Why is pop music the only art form that still inspires such arrantly stupid discussion? The debates that surround authenticity have no relationship to popular music as it’s been practiced for more than a century. Artists write material, alone or with assistance, revise it, and then present a final work created with the help of professionals who are trained for specific and relevant production tasks. This makes popular music similar to film, television, visual art, books, dance, and related areas like food and fashion. And yet no movie review begins, “Meryl Streep, despite not being a Prime Minister, is reasonably convincing in ‘The Iron Lady.’

Lana Del Rey’s Image on “Born to Die” : The New Yorker

(via judyxberman)

SFJ is on the money, per usj. Andthe other question to ask:  why are female artists the only ones who inspire such “discussion”, or “authenticity” “discussions” where sexism is masked as discernment? I am literally counting the hours until the long thing I wrote about her/this for SPIN comes out. Spoiler alert: I did the homework no one else was interested in doing. Ze End.

(via tinyluckygenius)

Much love to Jessica, one of our favorite thinkers, but I think it’s perfectly okay to insist on authenticity in music, insofar as a privileging of authenticity remains one of the few ways that actual class-based critiques of corporate hegemony and consumerism become admissible in pop discourse.  We look for authentic stuff, because we want to get behind people who are on the right team.  We want the broccoli that’s labeled “organic and local” not to be pesticide covered and shipped in from Chile. That’s okay, even as our notions of authenticity might be confused, conflicted, sometimes contradictory.
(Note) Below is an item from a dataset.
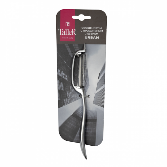 Овощечистка с продольным лезвием TalleR TR-65126 выполнена из цинкового сплава. У изделия никелированная матовая поверхность. Размер: 17 х 2,2 х 1,9 см. Режущий элемент сделан из высококачественной нержавеющей стали. Длина лезвия - 4 см.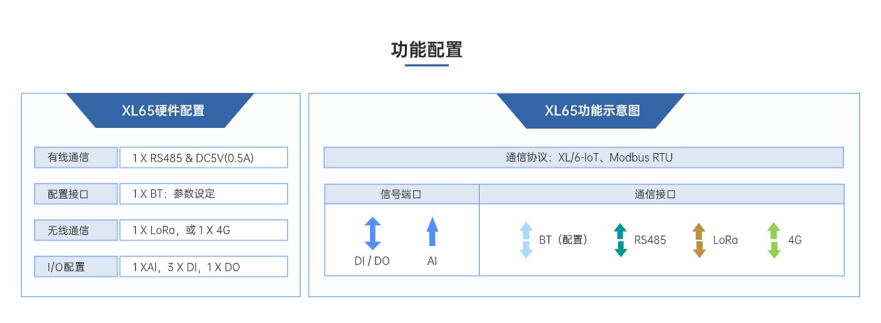 XL65無(wú)線低功耗模塊,是一款多功能、低功耗的數(shù)據(jù)采集設(shè)備,集成RS485通信口和豐富的I/0口(1AI、3DI、1DO),支持多種無(wú)線通信方式上傳采集的信號(hào)和數(shù)據(jù)。可選電池供電,適用于更多供電不便的場(chǎng)景。

It’s true that sexism plays a role, in how we talk about it though. I’d love to see Owl City, for example endure the kind of scrutiny that Ms Del Rey has, and I wish Ms Del Rey’s critics didn’t stoop to misogyny.  Still that doesn’t mean that pointing out that fake, manufactured, phony stuff is fake, manufactured, phony necessarily has any element of sexism.

(We have nothing to say about Lana Del Rey, except that it sucks that she stole people’s super 8 footage and passed it off as her own work.  Listened to 30 seconds and got very bored, moved on.)